These observations raise questions about the evolution of PPO genes both within T. pratense and between T. pratense and its close relatives. Phylogenetic trees of divergence of T. pratense PPO DNA sequences (Figure 7) confirm the level of identity of red clover PPO at the genetic level, with PPO1 NIPs being most similar and probably, therefore, most recently diverged [22, 32].

Diversification of plant genomes is powered in part by gene duplication, which can result in new gene functions [33]. Such gene duplication may occur by creation of polyploids, by segmental duplication or duplication in tandem arrays resulting in the production of gene clusters. Positive selection is believed to play a crucial role in the retention of such duplicated genes [33] but the effect of positive selection on tandem arrays or clusters of genes is not clear [18]. Over time, individual PPO genes and PPO clusters may have originated, duplicated and subsequently been lost, their function governed by mutations in regulatory elements. A comparison of selected PPO DNA sequences in both red clover and tomato (Figure 7), indicates that such gene duplication has occurred leading to clusters of six or seven similar PPO genes, each with known, different expression patterns.

PPO localisation and function

The biological effects of PPO appear to be subtle, possibly requiring specific or even multiple triggers for expression in vivo. Enhanced localised PPO expression under biotic and abiotic stress provides evidence of its involvement in plant protection in various species, for example, localised PPO expression in leaf abscission zones during drought [34]. A multiple regulatory trigger might explain the prerequisite of plant hardening, by low temperature and low light mimicking autumn conditions, before any difference in susceptibility to Sclerotinia trifoliorum was detected between late and medium-late flowering types of red clover [35]. Similarly, differences in survival of low PPO-mutant and wild-type red clover plants only became apparent under multiple, natural infestations [8].

The high degree of homology in active sites of red clover PPO indicates similar enzymic properties.
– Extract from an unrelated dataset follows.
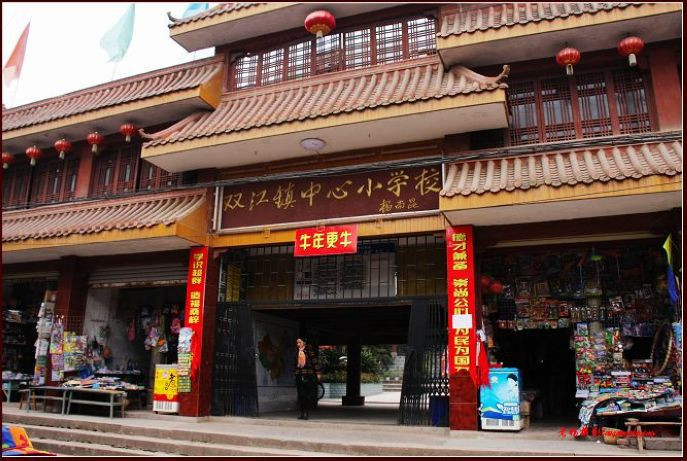 古镇上的房屋历史都比较久远,部分是明清时期的建筑,保存非常完好,别具一格,点缀在古镇上,形成了一条独特的风景线。离镇政府不远有一处古建筑,那便是“双江镇中心小学校”。该小学集古典和现代建筑为一体,环境幽静,是育人的理想场所。据载,“潼南县双江镇中心小学校”是前国家主席杨尚昆的父亲杨淮清老人于1928年倡议创办的,杨尚昆主席曾三次视察学校,并为学校题写校名。我们进去拍照时,学生们还在上课。偌大的庭院坝里,没有学生,那门上的台子十分壮观,可以想像当年的那种霸气和壮丽。学校里面的古建筑保护得很好。从双江镇中心小学校出来,看见许多人围在隔壁双江小学幼儿园门前。一打听,大家都是在等候接孩子回家的爷爷、奶奶和他们的父母。我们才发现已经快中午十二点了。于是,我们随着接孩子的家长们进了幼儿园。园里的房屋仍然是古色古韵。双江古镇地处涪江下游潼南县城西北面的双江镇,建于明末清初,是仅次于县城梓潼镇的第二大镇,因镇两侧的猴溪和浮溪蜿蜒环绕故名双江。古镇以清代为特色的院落庭园星罗棋布,古色古香的四合院落门坊柱壁多雕饰精美,四角飞檐高翘,院落深深,天井花园设计造型精美,四季花木繁茂,为典型的巴蜀古镇风韵。孩子们在老师的组织下,秩序很好地站在古屋下等候家长来接。家长来了,同老师打招呼,然后接走自己的孩子。一切都是那样的有条有序。

However, differences do occur in localisation of PPO enzyme activity and specific PPO gene expression in both red clover [15] and tomato [7, 16, 17], suggesting significant differences in their regulatory elements; this is supported by observed differences in sequenced promoter regions of four red clover PPO genes. Red clover PPO genes are differentially expressed in aerial tissues and root tissues [15] conferring the potential for enhanced or localised expression following differing abiotic and biotic stimuli.


The red clover BAC library has yielded novel full-length gene sequences of PPO4, PPO5 and the PPO1 NIP PPO1/4, which will be used in functional studies involving techniques such as RNAi, and the PPO promoter sequences will be used for localisation studies using promoter::reporter gene fusions. It has also revealed recent gene duplication events in the form of NIPs and evidence of gene clustering. The BAC library will provide a useful tool for the map-based cloning of target QTL, physical mapping, genome structure analyses and the alignment of specific regions of the T. pratense genome with its close relatives the model legume, M. truncatula, and other legume species such as alfalfa, revealing any genomic changes or divergence at these sites. The high degree of synteny between T. pratense and T. repens with both M. truncatula and M. sativa [20, 36] will allow comparative mapping between model and agronomically important legumes.


Construction of the red clover BAC library was based on procedures described previously [37].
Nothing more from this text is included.